▶ WHAT TO PRODUCE: The listing below should be reproduced precisely, except for its images.

▶ PROVIDED ENTRIES:
____________

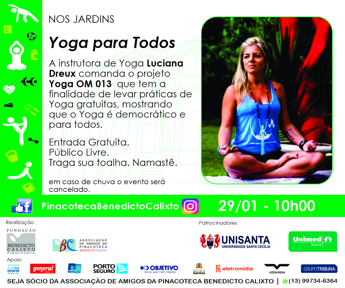 Voltar FVL apoiou Yoga para todosA Fundação Victório Lanza apoiou e divulgou, em 29.01.2023, às 10h00m, YOGA PARA TODOS, nos jardins da Pinacoteca de Santos.
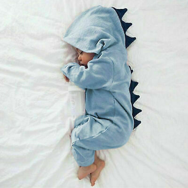 Baby Kids Newborn Hooded Jumpsuit Dinosaur Cute Bodysuit Romper Boy Girl Clothes
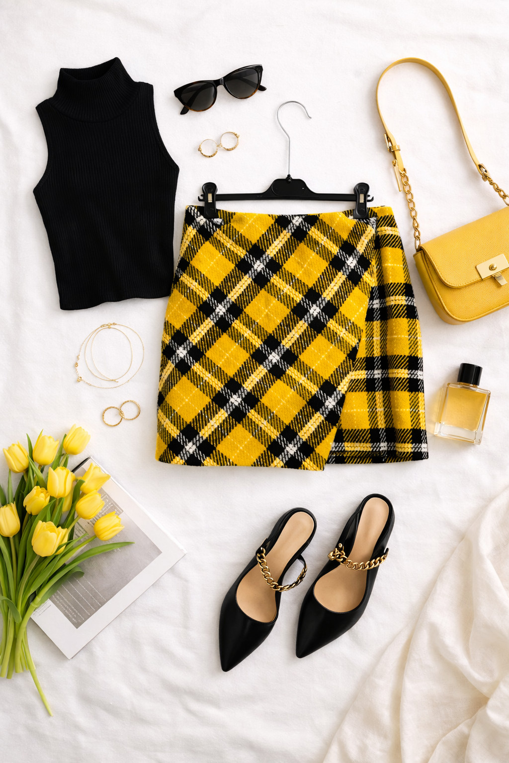 W stylizacjach spódnica daje szerokie możliwości: na co dzień zestaw ją z prostym, białym topem i trampkami lub z miękkim swetrem i botkami dla miejskiego, lekko retro looku; do pracy połącz z dopracowaną koszulą i klasycznymi półbutami, by uzyskać elegancki, ale wyrazisty zestaw; na wieczór wybierz dopasowany, ciemny top i zgrabne szpilki lub efektowne botki, które wydobędą kontrast kratki. Żółta paleta wspaniale komponuje się z czernią i bielą obecnymi w wzorze, a także z odcieniami kremu, camel, butelkowej zieleni czy bordo jako akcentami, pozwalając tworzyć zarówno stonowane, jak i bardziej zdecydowane kompozycje odpowiednie na co dzień, do pracy, na spotkanie czy na wieczór.
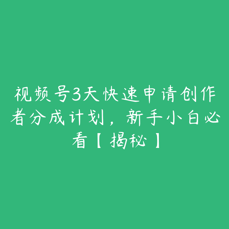 这次要讲的,是在视频号上发视频挣米项目——视频号创作者分成计划。微信视频号创作者分这款创富神器你想要吗成计划,小白也能做,关键是不用露脸,不用拍摄,也不需要粉丝。但是很多新手小白都卡在了第一步怎么快手开通分成计划,今天就给大家分享一个视频号3天快速申请创作者分成计划教程
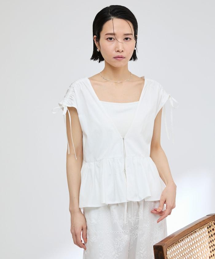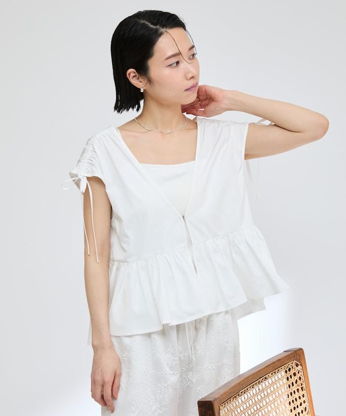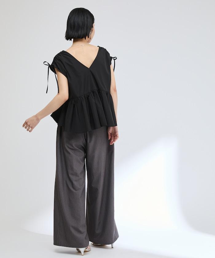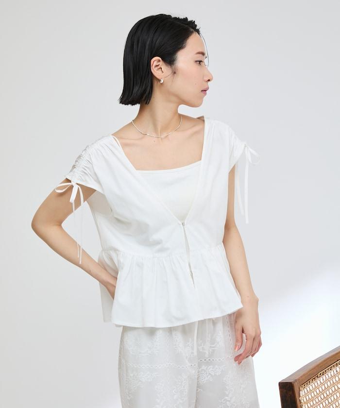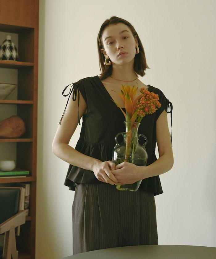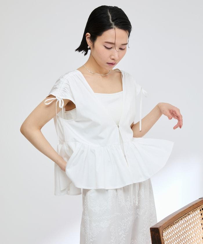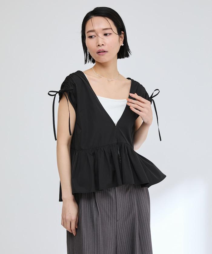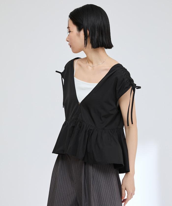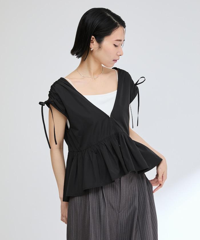 塔夫塔垂褶上衣 / 法式短袖垂褶上衣

____________

▶ SOLUTION FOR THIS PROBLEM:
 Voltar FVL apoiou Yoga para todosA Fundação Victório Lanza apoiou e divulgou, em 29.01.2023, às 10h00m, YOGA PARA TODOS, nos jardins da Pinacoteca de Santos.
 Baby Kids Newborn Hooded Jumpsuit Dinosaur Cute Bodysuit Romper Boy Girl Clothes
 W stylizacjach spódnica daje szerokie możliwości: na co dzień zestaw ją z prostym, białym topem i trampkami lub z miękkim swetrem i botkami dla miejskiego, lekko retro looku; do pracy połącz z dopracowaną koszulą i klasycznymi półbutami, by uzyskać elegancki, ale wyrazisty zestaw; na wieczór wybierz dopasowany, ciemny top i zgrabne szpilki lub efektowne botki, które wydobędą kontrast kratki. Żółta paleta wspaniale komponuje się z czernią i bielą obecnymi w wzorze, a także z odcieniami kremu, camel, butelkowej zieleni czy bordo jako akcentami, pozwalając tworzyć zarówno stonowane, jak i bardziej zdecydowane kompozycje odpowiednie na co dzień, do pracy, na spotkanie czy na wieczór.
 这次要讲的,是在视频号上发视频挣米项目——视频号创作者分成计划。微信视频号创作者分这款创富神器你想要吗成计划,小白也能做,关键是不用露脸,不用拍摄,也不需要粉丝。但是很多新手小白都卡在了第一步怎么快手开通分成计划,今天就给大家分享一个视频号3天快速申请创作者分成计划教程
 塔夫塔垂褶上衣 / 法式短袖垂褶上衣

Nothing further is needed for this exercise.